We Care Foundation, a registered charity, is the subject of a statutory inquiry into its trustees’ decision-making and payments. Its bank accounts were frozen by the regulator in May 2024.
Figures published by the Official Custodian show that it received £819,494.20 on behalf of the charity during 2025–26.
After £18,737.76 was paid to an interim manager appointed in July 2025, a total of £800,756.44 remained in the Custodian’s hands as of March 31 this year.
UK Lawyers for Israel (UKLFI) raised further concerns with the Commission in January 2025 after discovering that We Care had funded Qawafil Al-Khair Association, a Gaza-based organisation described as a “Hamas institution”.
The Charity Commission told UKLFI the following month that the allegations would be considered as part of its inquiry.
Qawafil was designated a terrorist organisation by Israel’s defence minister in December 2024 under the country’s anti-terrorism legislation.

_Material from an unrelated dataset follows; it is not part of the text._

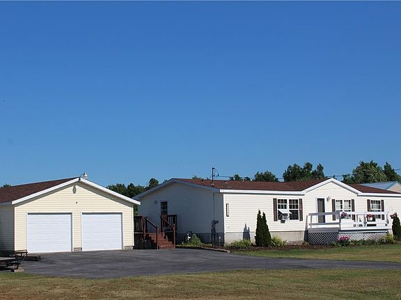 A very nice doublewide in quiet neighborhood. 3 bedrooms 2 baths. Large eat in kitchen with tons of cabinets and counter space, Gas fireplace in the Living room/Dining room. Detached 2 car garage with a side overhead door for mower access, plus large storage barn. Rear deck with hot tub and screen room. Paved driveway with extra paving beside the garage to park a trailer or boat, etc.. Close to Fort Drum and Watertown but with a country feel on a quite dead end road. Large front and back yard. General Brown School District.

The organisation was headed by Mansour Rayan and Ali Al-Mughrabi, both of whom had served prison sentences in Israel for terrorist offences before being released in the 2011 Gilad Shalit prisoner exchange.
Rayan was convicted of murdering Israeli civilian Yoram Sakuri in 1994 and wounding his wife.
Following the Hamas attacks of October 7, 2023, he reportedly praised the attackers and shared footage of Israeli hostages being assaulted and paraded through Gaza.
Al-Mughrabi was linked to a Hamas cell responsible for several attacks, including the 2002 suicide bombing at Jerusalem’s Moment Café, in which 11 people were killed and dozens injured.
He was reported to have transferred funds, obtained vehicles for attacks and photographed suicide bombers. He was killed by the Israel Defense Forces in Khan Younis in January 2025.
A 2016 Al Jazeera profile said Qawafil’s team included 17 former Palestinian prisoners released in the Shalit exchange. Its publicity has referred to beneficiaries as the wives and children of “martyrs” and praised their sacrifice.
Documents from Hamas were released by the IDF on X in November 2025 which showed that funds from Qawafil were used for providing food parcels to members of the Hamas military wing in Gaza.
A UKLFI spokesman said: “The fact that more than £800,000 of We Care Foundation’s funds remain under the control of the Official Custodian demonstrates the seriousness of the Charity Commission’s intervention.
“Charities operating in conflict zones must carry out rigorous due diligence to ensure that charitable funds do not reach terrorist organisations or support the glorification of terrorism.
“We hope the Commission will now establish precisely where We Care Foundation’s money went, whether the trustees complied with their legal duties and what further regulatory action is required.”